Host

School of Literature, Media, and Communication
The School of Literature, Media, and Communication at Georgia Tech defines new models of intellectual inquiry and practice that bring diverse humanistic perspectives to bear on technological invention and innovation. Our mission is to research and teach how the humanities shape and are shaped by science and technology. We believe that understanding technologies in their cultural contexts is fundamental to invention and innovation, and our faculty and students assess and inform technological and scientific change by creating, analyzing, and critiquing a broad range of media forms and cultural practices. Our School’s strategic objective, to create Humanistic Perspectives in a Technological World, provides the foundational impulse for our 2019 symposium.

Organizers

Richard Utz

Dr. Richard Utz is Professor and Chair in Georgia Tech’s School of Literature, Media, and Communication. His scholarship centers on medieval culture, medievalism, the interconnections between humanistic inquiry and science/technology, reception study, and the formation of cultural memories and identities.
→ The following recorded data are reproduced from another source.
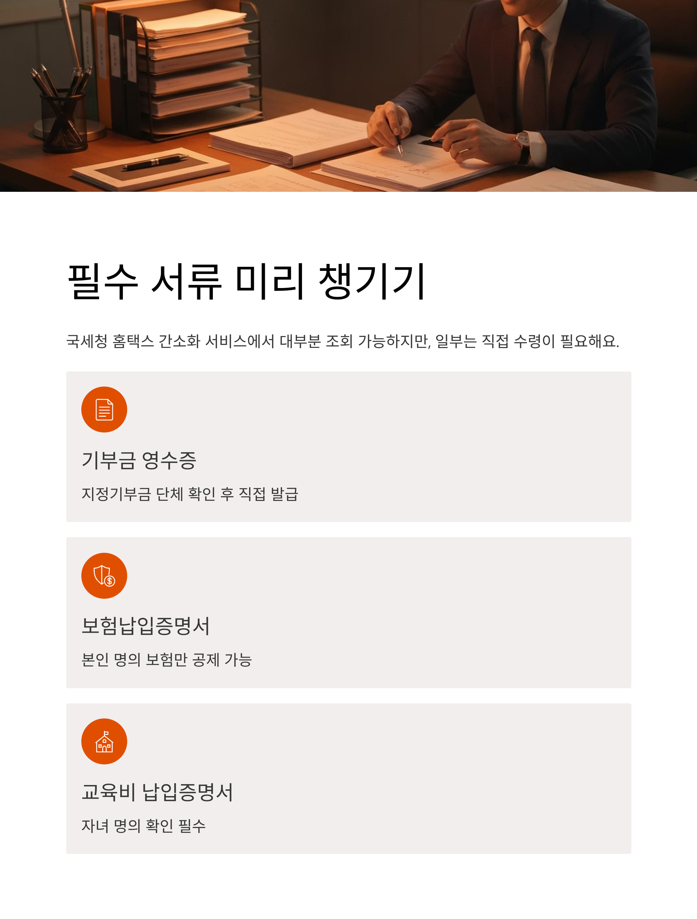 | 공제 항목 | 준비 서류 | 주의사항 |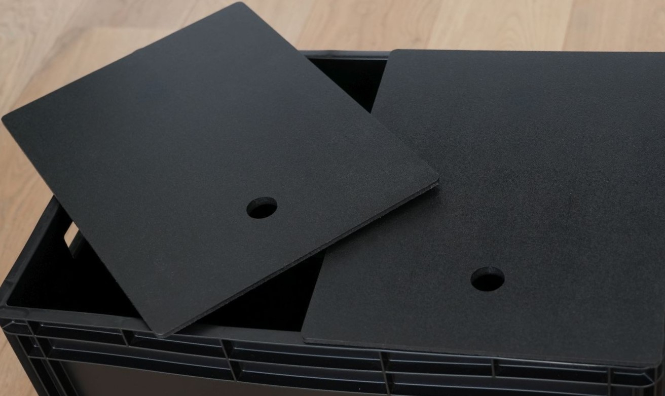 Specially made lids are also available for the transport boxes, with which the contents of the box can be stowed neatly and cleanly. Optionally, these lids are also available with an inlet for a sink. All you need is a stove next to it on the lid, and you will have made yourself a small kitchen. The boxes with lids can also be used outside, for example as a small table or as a bench, due to the sturdiness of the boxes. Another area of application: Many people use the rear shower at the back of the bus. But what happens when you shower in nature? The ground gets quite muddy. Here, the lids are the ideal shower mat. Just rinse off afterward!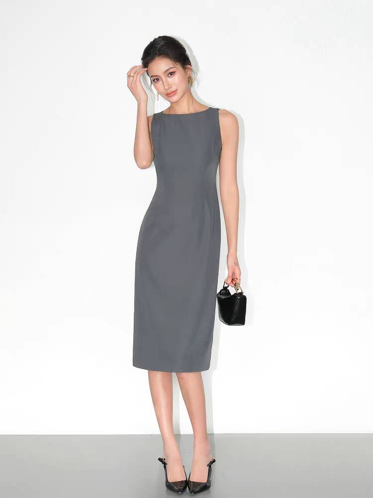 Whisper Silk Rachel Dress: Sleeveless Boat Neck Mulberry Silk Commuter Dress
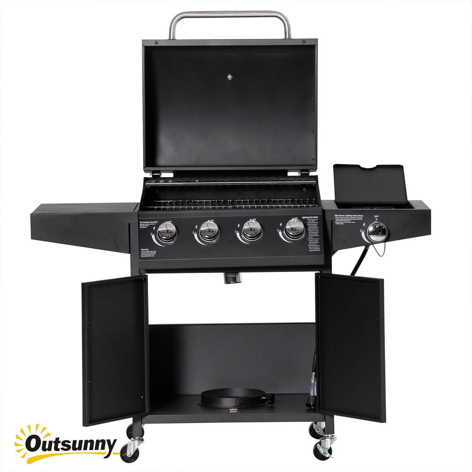 - 4+1 GAS BBQ: The large gas BBQ grill with 4 main burners, a side burner, a wide grill area, and a warming rack is ideal for outdoor barbecue parties. Each one is with piezo ignition and can be separately operated..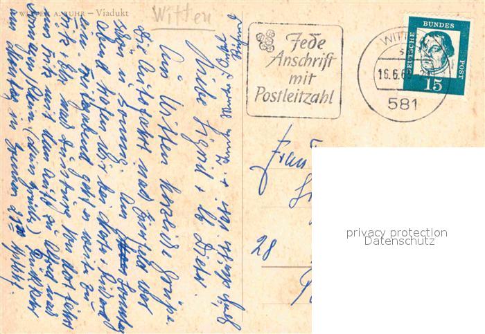 72795884 alte Postkarte Witten Ruhr Viadukt postalisch gelaufen Erhaltung siehe scans [KathaD81] KatCode: 11110005954036

His publications include Medievalism: A Manifesto, an essai advocating for a more co-disciplinary, inclusive, democratic, affective, and humanistic engagement with medieval culture, and Humanistic Perspectives in a Technological World, a collection that features how faculty in his School, in their research, teaching, and service, negotiate human-centered work at a top-ranked technological institute.

John Browning

John Edgar Browning is Visiting Lecturer in the School of Literature, Media, and Communication at the Georgia Institute of Technology, where he has taught for the last 5 years. He has over a dozen contracted or published books and over 75 shorter works that cluster around Dracula, vampires, zombies, horror, monstrosity, Bram Stoker, and the Gothic. His works include Speaking of Monsters: A Teratological Anthology (Palgrave, 2012), The Forgotten Writings of Bram Stoker (Palgrave Macmillan, 2012), and Zombie Talk: Culture, History, Politics (Palgrave, 2015), as well as the forthcoming volumes Dracula-An Anthology: Critical Reviews and Reactions, 1897-1920 and The Edinburgh Companion to the Vampire, both from Edinburgh University Press, and New Queer Horror in Film and Television (Horror Studies) from University of Wales Press. He is also co-editing, with David J. Skal, the second Norton Critical Edition of Dracula (forthcoming).

Karen Head

Dr. Karen Head is the author of Disrupt This!: MOOCs and the Promises of Technology (a nonfiction book about issues in contemporary higher education), as well as five books of poetry (Lost on PurposeSassing, My Paris Year, Shadow Boxes and On Occasion: Four Poets, One Year). She has exhibited several acclaimed digital poetry projects, including her project “Monumental” (part of Antony Gormley’s One and Other Project) which was detailed in a TIME online mini-documentary. She serves as Editor of the international poetry journal Atlanta Review. On a more unusual note, she is currently the Poet Laureate of Waffle House—a title that reflects an outreach program to bring arts awareness to rural high schools in Georgia, which has been generously sponsored by the Waffle House Foundation. She is the Associate Chair in the School of Literature, Media, and Communication, where she also serves as the Executive Director of the Naugle Communication Center.